From the pictures we’ve seen of you, you look pretty young. Can you tell me how old you are, and give me some perspective on how your musical influences have evolved? I assume you haven’t always been obsessed with Black Sabbath and the early ‘70s.
I have all kinds of influences from Simon And Garfunkel to Electric Wizard! I've been obsessed with Sabbath since I was about 16 and have always enjoyed 70s rock music. It was the decade when rock music was done correctly. It's a classic sound, like a Fender valve amp from the 50's. There's no need to improve upon it's design. They tried adding synths to rock music in the 80s and rap elements in the 90's.
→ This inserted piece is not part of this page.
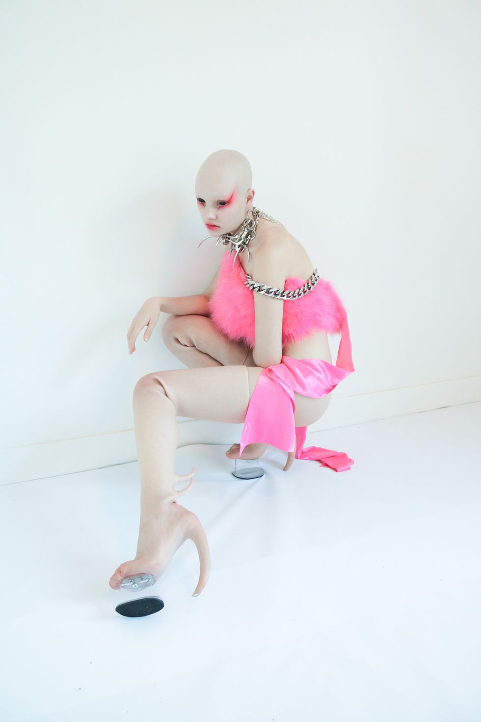 In addition to Fecal Matter's regular best-sellers, the pop-up will also feature an exclusive collection for Selfridges called "Chained to the System." The capsule consists of one-of-a-kind pieces including dildo handbags and nonbinary-friendly pieces with metal hardware accents.

Fuck knows what people are adding to it today to try and 'improve' and modernize it. It doesn't need it. We're just carrying on the classic sound.
How solid is the band lineup now?
Very solid. This is the most solid it's ever been actually.
The band is from Cambridge, which was of course home to Syd Barrett. What influence did he have on your music? Did you ever see him around town?
We love Pink Floyd. I love all eras of their music and obviously Syd is a big influence. I was always on the lookout for him. I knew where he lived and what he looked like but I would never intrude or go actively searching. I finally saw him ride past me on his bike one day and that was it.
If you could interview anyone, who would it be, and what would you ask them?
Charles Manson. I'd ask him for his thoughts on Neil Young's Revolution Blues.
Any words on the death of Slayer’s Jeff Hanneman?
Obviously very sad. Slayer were a band I loved when I was growing up. To me Reign In Blood is still the greatest thrash album of all time. Hanneman wrote some great, dark lyrics and music.
It looks like you have a few festival shows lined up, but no tours. When can we expect to see Uncle Acid & the Deadbeats in the US?
Who knows. Certainly not this year. We'll see how it goes. We're just easing into playing live again with these festival dates, but maybe next year we'll venture further afield.
Finally, a friend of mine wants to know what you thought of the ‘70s remake of “King Kong.”
I've never seen it! It's probably better than that CGI garbage they did a few years ago!
Mind Control will be released in the U.S. May 14 on Metal Blade Records.